[Opening EXERCISE INPUTS section]

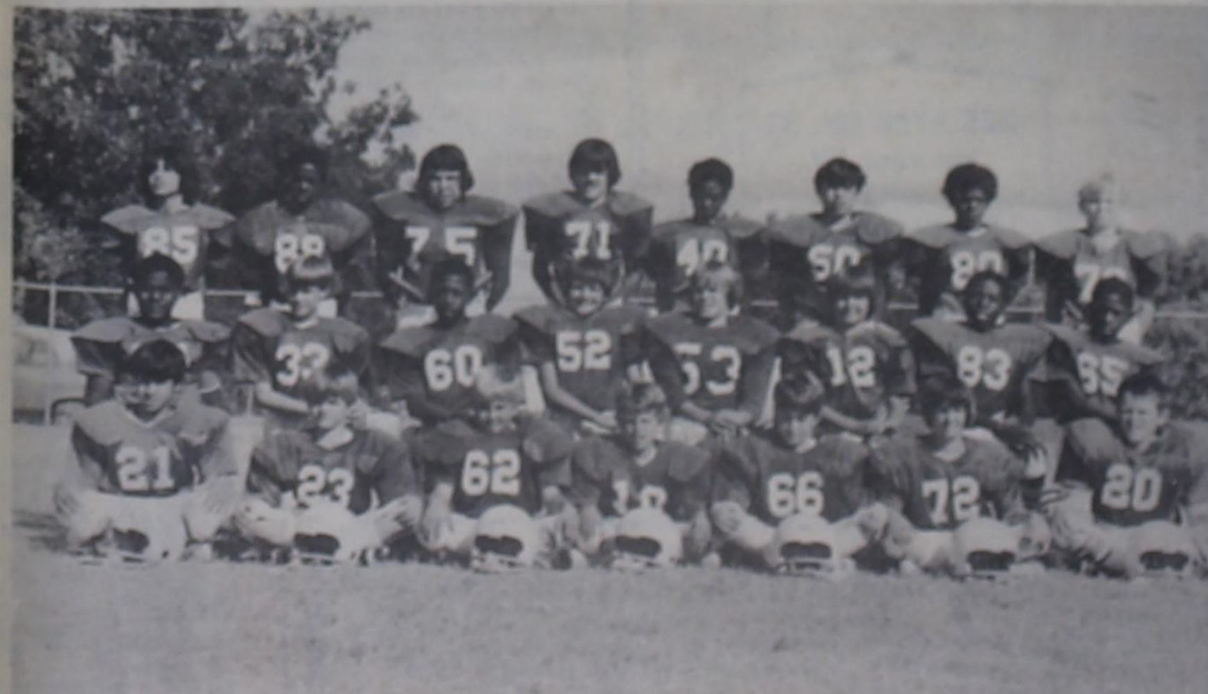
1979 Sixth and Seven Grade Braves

[Closing EXERCISE INPUTS section]
[Opening EXERCISE INPUTS section]

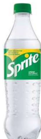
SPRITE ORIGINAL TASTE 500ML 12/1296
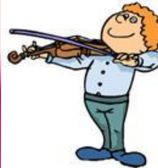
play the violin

[Closing EXERCISE INPUTS section]
[Opening EXERCISE INPUTS section]

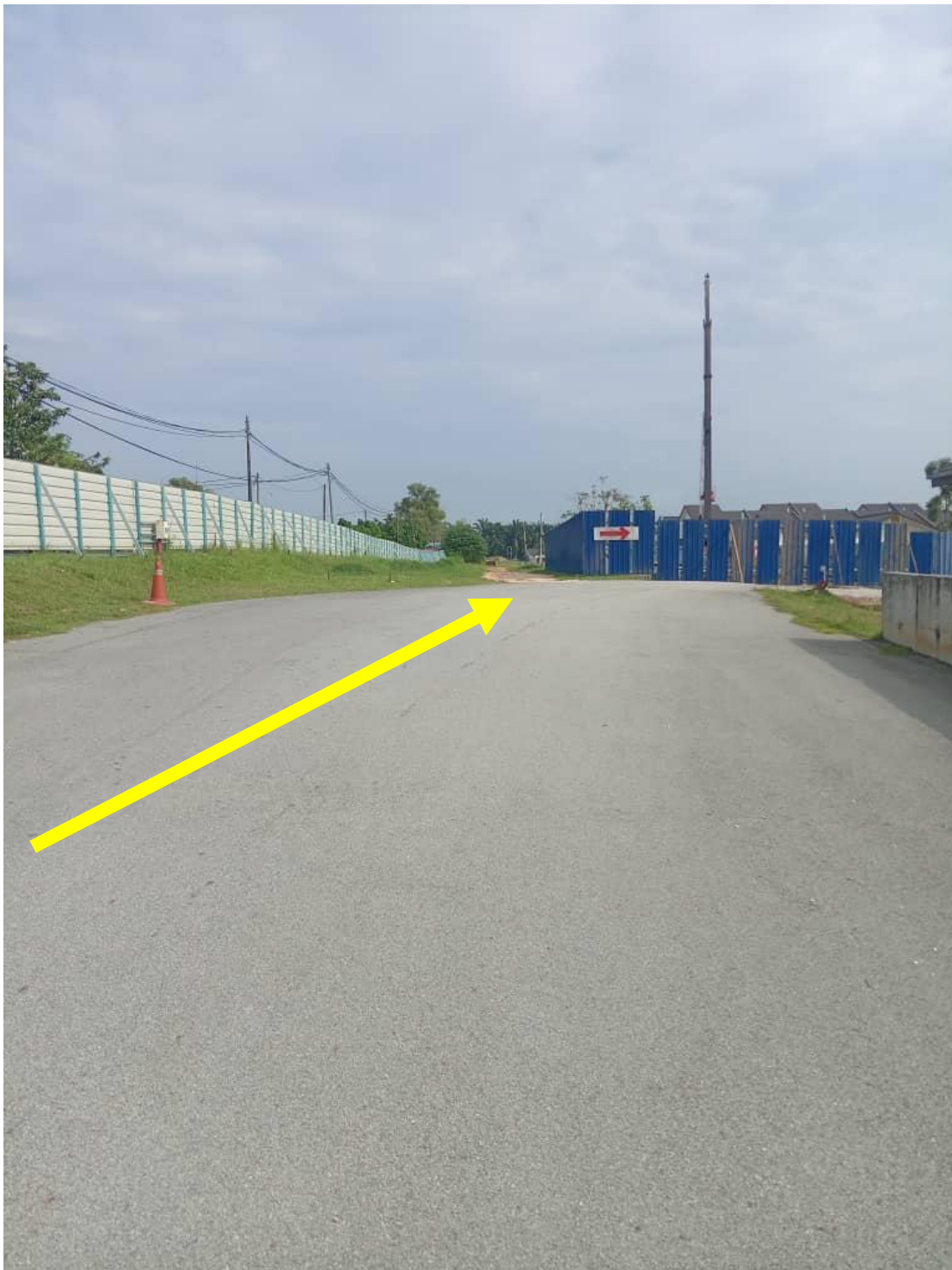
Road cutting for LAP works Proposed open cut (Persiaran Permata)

[Closing EXERCISE INPUTS section]

== WHAT NEEDS TO BE DONE ==
From the line containing "SPRITE ORIGINAL TASTE 500ML 12/1296" through the line containing "play the violin", copy every line above exactly, without pictures.

== TASK OUTPUT ==
SPRITE ORIGINAL TASTE 500ML 12/1296
play the violin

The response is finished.